While walking through a forest in spring we often marvel at the vivid greenness, listen to birdsong, and mind our steps in order not to get into a spider’s web. Enjoying the moment, we usually do not think about the complexity of this environment, nor the intertwined relations among all of its elements. However, what slips our attention is not going unrecognized by Maia Persche – a Master’s candidate in the SILVIS lab. In her research, Maia seeks to discern the role of topography in the timing of vegetation growth onset within forest, and to understand how topographic position potentially shapes songbird habitat.

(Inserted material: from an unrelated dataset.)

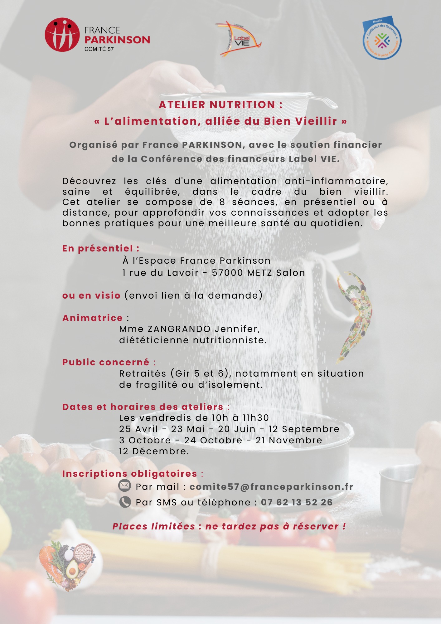 Inscriptions obligatoires : Par mail: comite57@franceparkinson.fr, par SMS

To gain insight into these questions, Maia undertook the challenging tasks of measuring tree phenology, and conducting invertebrate and bird surveys in her study area in the Baraboo Hills of Southern Wisconsin. In order to relate these data to each other, each type of survey was carried out at the same 70 locations during narrow time windows throughout the season. Tree phenology surveys occurred in April and May, and invertebrate and bird surveys were repeated throughout the bird breeding season, or until the end of July. At each location, additional data was collected on temperature, tree species composition, and site characteristics. Over the course of two field seasons, she detected 53 insectivorous bird species, and tracked the seasonal abundance of common invertebrate orders (Lepidoptera, Araneae, Hemiptera, Hymenoptera, Diptera and Coleoptera).
Based on only a portion of measurements collected, Maia has already drawn some interesting preliminary conclusions. Trees leafed out slightly later in stream gorges than in uplands, and although invertebrate biomass was related to tree phenology, it did not appear to follow a predictable yearly pattern. However, sheltered stream gorges supporteded high invertebrate biomass during the mid- and late summer. This could be important for double-brooded bird species that still have active nests in July and can be limited by food availability in some habitats. Overall, stream gorges supported the highest bird species richness, perhaps due to stable food resources or habitat complexity. Also, a strong association has become evident between particular tree species and invertebrate orders, suggesting that tree composition may be more important than topographic context for some folivorous invertebrates.
Under shifting climate conditions in deciduous forests, it is important to identify areas where habitat quality for species is likely to remain high. To assess bird territory quality in different topographic situations, Maia used feather growth bar analysis for a few widely distributed forest species (Wood Thrush, Red-eyed Vireo, and Ovenbird). She captured birds throughout her study area using mist nets, playback calls, and bird models. She then banded the birds, took structural measurements, and pulled one tail feather. Growth bars, or horizontal bands along the feather, correspond to diet richness of the bird while the feather was growing, and will be used to assess social dominance and habitat quality. Although this approach provides a detailed look at habitat quality, it is also the most difficult to carry out in the field.
Maia has collected a large amount of data, and analyzing the relationships among different factors and trophic levels is somewhat daunting, but she approaches it with great enthusiasm. Maia is currently working to determine how bird territory density varies according to topographic context. It is definitively worth staying tuned to see what new results Maia uncovers!